From: Elliott Mitchell <ehem+freebsd_at_m5p.com>
Date: Mon, 28 Nov 2022 20:27:35 UTC
As part of trying to get a project into FreeBSD yet another issue showed
up.  There has been a push to get this functioning on top of INTRNG.
This should be doable, but a problem arose.  Due to this being a very
dynamic PIC (hotplug PICs may be difficult in hardware, they're easy in
software) it seems best to register interrupts during allocation and then
fully release them during release.

Problem is the call sequence:
intr_isrc_deregister() -> (for non-IPI interrupts)
        isrc_release_counters() ->
                panic("%s: not implemented", __func__)

The inverse of isrc_release_counters() is isrc_setup_counters().  These
two are for setup/teardown of the "intrnames" and "intrcnt" arrays.
Initially I was thinking "intrnames" and "intrcnt" were likely to be
deeply intertwined into the FreeBSD kernel, they've been around since the
mid-1990s.  Yet upon examination, only two places use these two global
variables.  First, they are used by watchdog_fire() for reporting
interrupts in case it triggers.  Second, the functions sysctl_intrnames()
and sysctl_intrcnt() use them for their sysctls (which are then used by
`vmstat -i`).

That is a *really* short list of uses.  With the default parameters the
"intrnames" array will tend to be roughly ~2MB and "intrcnt" would be
roughly 128KB.  That isn't huge, but an average system is only going to
use perhaps 15% of that.

The only benefit I see of having "intrnames" and "intrcnt" is they make
those 2 sections of source code simpler.  Yet by consuming noticeable
amounts of memory, they make other sections slower. If they saw heavy
usage this might be worthwhile, but I doubt they see enough for that to
justify their existence.

In light of this I've created D36610 for their removal.  Portions of my
initial implementation are likely to be rejected, but I like the idea.
Notably this has a net removal of almost 100 lines of source code per
architecture.  THAT seems the characteristic of something whose time has
passed.


One spot likely to be rejected is the watchdog_fire() replacement
implementation.  I had been thinking the architecture interrupt tables
were a good source of replacement data, but I'm now doubtful of this.  In
particular the functionality proposed in D36609 doesn't seem quite right.
I now suspect it may be better to add a function to sys/kern/kern_intr.c
for reporting this, but I'm unsure what to name it.

The other spot is the "hw.intrnames" and "hw.intrcnt" sysctl()s really
need work.  Much of removed duplicated source code from the architectures
appears to be directed towards maintaining compatibility with the
existing sysctl()s.  The difficult reimplementation also suggests these
need a careful reimplementation.  Their behavior hints at their long
history, but their behavior is also rather poor for real use.

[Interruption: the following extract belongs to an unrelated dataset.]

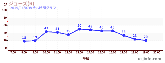 • ジョーズ(R)$B$N(B2019年04月07日の待ち時間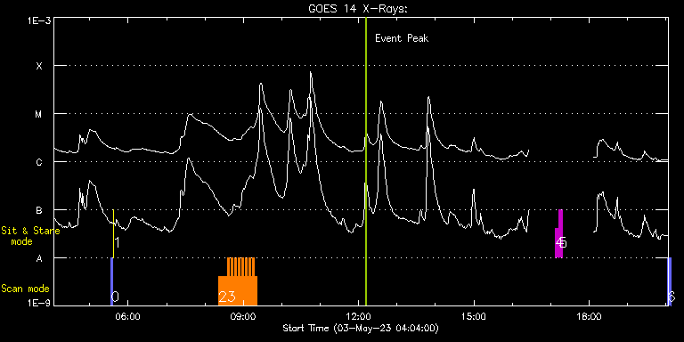 EIS Observation timeline overlay to GOES-Xray curve Code 1" 2" 40" 266" EIS Observations list for this event: STUDY ACRONYM ID DATE OBSERVED DESCRIPTION NOAA# TARGET 0 PRY_slot_contextLITE | 86099 | 2023/05/03 05:33:20 | Pointing Monitoring | | Active Region TIMELINE ID DATE OBSERVED FITS FILE XCEN (+W/-E) YCEN (+N/-S) DUR ----------------------------------------------------------------------------------------------------------------- 86099 | 2023/05/03 05:33:20.000 | eis_l0_20230503_053320.fits.gz | 0.76 | -195.08 | 2m56s 1 XRT_synop_AIA | 86100 | 2023/05/03 05:36:35 | Pointing Monitoring | | Quiet Sun TIMELINE ID DATE OBSERVED FITS FILE XCEN (+W/-E) YCEN (+N/-S) DUR ----------------------------------------------------------------------------------------------------------------- 86100 | 2023/05/03 05:36:35.000 | eis_l0_20230503_053635.fits.gz | 0.43 | -206.92 | 10s 2 HH_AR+FLR_RAS_N03 | 86093 | 2023/05/03 08:21:20 | HOP 401 - dynamics of flux cancellatio | 3296 | Active Region TIMELINE ID DATE OBSERVED FITS FILE XCEN (+W/-E) YCEN (+N/-S) DUR ----------------------------------------------------------------------------------------------------------------- 86093 | 2023/05/03 08:21:20.000 | eis_l0_20230503_082120.fits.gz | -688.39 | 206.23 | 13m19s 3 HH_Flare_60x152f | 86094 | 2023/05/03 08:35:10 | HOP 401 - dynamics of flux cancellatio | 3296 | Flare TIMELINE ID DATE OBSERVED FITS FILE XCEN (+W/-E) YCEN (+N/-S) DUR ----------------------------------------------------------------------------------------------------------------- 86094 | 2023/05/03 08:35:10.000 | eis_l0_20230503_083510.fits.gz | -690.17 | 250.15 | 2m48s 86094 | 2023/05/03 08:38:01.000 | eis_l0_20230503_083801.fits.gz | -689.86 | 250.23 | 2m47s 86094 | 2023/05/03 08:40:51.000 | eis_l0_20230503_084051.fits.gz | -689.63 | 250.23 | 2m47s 86094 | 2023/05/03 08:43:41.000 | eis_l0_20230503_084341.fits.gz | -689.40 | 250.23 | 2m48s 86094 | 2023/05/03 08:46:32.000 | eis_l0_20230503_084632.fits.gz | -689.01 | 250.23 | 2m47s 86094 | 2023/05/03 08:49:22.000 | eis_l0_20230503_084922.fits.gz | -688.78 | 250.23 | 2m48s 86094 | 2023/05/03 08:52:13.000 | eis_l0_20230503_085213.fits.gz | -688.47 | 250.31 | 2m47s 86094 | 2023/05/03 08:55:03.000 | eis_l0_20230503_085503.fits.gz | -688.16 | 250.31 | 2m47s 86094 | 2023/05/03 08:57:53.000 | eis_l0_20230503_085753.fits.gz | -687.93 | 250.46 | 2m48s 86094 | 2023/05/03 09:00:44.000 | eis_l0_20230503_090044.fits.gz | -687.54 | 250.38 | 2m47s 86094 | 2023/05/03 09:03:34.000 | eis_l0_20230503_090334.fits.gz | -687.23 | 250.38 | 2m47s 86094 | 2023/05/03 09:06:24.000 | eis_l0_20230503_090624.fits.gz | -687.00 | 250.38 | 2m48s 86094 | 2023/05/03 09:09:15.000 | eis_l0_20230503_090915.fits.gz | -686.69 | 250.46 | 2m47s 86094 | 2023/05/03 09:12:05.000 | eis_l0_20230503_091205.fits.gz | -686.39 | 250.31 | 2m47s 86094 | 2023/05/03 09:14:55.000 | eis_l0_20230503_091455.fits.gz | -686.08 | 250.31 | 2m48s 86094 | 2023/05/03 09:17:45.000 | eis_l0_20230503_091745.fits.gz | -685.77 | 250.46 | 2m48s 4 regcal081 | 86103 | 2023/05/03 17:07:41 | Dark exposures, CCD bottom rows (150s | | Engineering TIMELINE ID DATE OBSERVED FITS FILE XCEN (+W/-E) YCEN (+N/-S) DUR ----------------------------------------------------------------------------------------------------------------- 86103 | 2023/05/03 17:07:41.000 | eis_l0_20230503_170741.fits.gz | 15.09 | -817.00 | 5m2s 5 regcal082 | 86104 | 2023/05/03 17:13:10 | Dark exposures, top CCD rows (150s exp | | Engineering TIMELINE ID DATE OBSERVED FITS FILE XCEN (+W/-E) YCEN (+N/-S) DUR ----------------------------------------------------------------------------------------------------------------- 86104 | 2023/05/03 17:13:10.000 | eis_l0_20230503_171310.fits.gz | 15.01 | 205.08 | 5m2s 6 full_sun_slot_scan_2 | 86066 | 2023/05/03 20:02:19 | Full Sun slot scan for support of EVE | | Quiet Sun TIMELINE ID DATE OBSERVED FITS FILE XCEN (+W/-E) YCEN (+N/-S) DUR ----------------------------------------------------------------------------------------------------------------- 86066 | 2023/05/03 20:02:19.000 | eis_l0_20230503_200219.fits.gz | 936.85 | 164.92 | 5m28s : Check study information : Download file : View thumbnails For this event, also check for:

I suggest there really should instead be a "hw.interrupts" sysctl() which
provides the interrupt name, counter and stray count as triplets.  This
would ensure consistency between the two, avoiding the potential for an
interrupt being added or removed between reading "hw.intrnames" and
"hw.intrcnt".


The format of the "hw.intrnames" speaks to its history.  At some point
pre-2003 it\0was\0a\0NUL\0separated\0list\0of\0strings.  When interrupt
names became changeable packing the strings became a problem.  As such
they were padded with spaces which allowed the old approach of finding
the next interrupt name using `strlen()` to continue working, even though
the entries were actually fixed-length.

Problem is, since 2003 `vmstat -i` has never been updated to work with
the current situation.  As such, trying to figure out the whys behind
everything has been difficult.  Then there was at least one lurking bug
just to make things more interesting.